Every command returns YAML frontmatter (structured metadata) followed by a content body (source code, results, etc.). This format is optimized for LLM token efficiency: agents can parse the metadata programmatically and read the content naturally.

yaml
---
symbol: handleAuth
kind: function
file: internal/auth/handler.go
lines: 42-87
language: go
---

func handleAuth(w http.ResponseWriter, r *http.Request) {
    token := r.Header.Get("Authorization")
    ...
}

Why Not JSON?

JSON is verbose. Every field name is quoted, every string is escaped, and nested structures add layers of braces.

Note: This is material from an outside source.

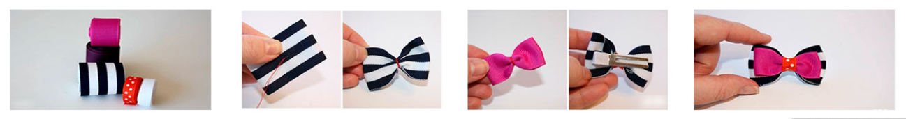 Разберем подробно, как сделать нарядный бант своими руками. Для создания изящного аксессуара приготовить тонкие ленточки разных оттенков. Например, взять бордовую, розовую и белую ленту.

For an LLM that processes tokens, this overhead adds up fast.

Compare the same refs output:

JSON (~180 tokens):

json
{
  "symbol": "handleAuth",
  "total": 3,
  "results": [
    {"file": "cmd/server/main.go", "line": 23, "text": "handleAuth(w, r)"},
    {"file": "internal/api/router.go", "line": 45, "text": "mux.HandleFunc(\"/auth\", handleAuth)"},
    {"file": "internal/api/router.go", "line": 67, "text": "handleAuth(w, r)"}
  ]
}

Frontmatter + Content (~120 tokens):

yaml
---
symbol: handleAuth
total: 3
groups: 2
---

cmd/server/main.go (1 site):
  > handleAuth(w, r)

internal/api/router.go (2 sites):
  > mux.HandleFunc("/auth", handleAuth)
  > handleAuth(w, r)

The frontmatter format is ~33% fewer tokens with the same information. At scale — across dozens of tool calls per task — this compounds.

Smart Deduplication

When multiple call sites in the same file look identical, cymbal groups them. The agent sees the pattern ("this function is called 5 times in router.go") without wasting tokens on repetitive lines.

All commands still support --json for structured output when you need machine-parseable results.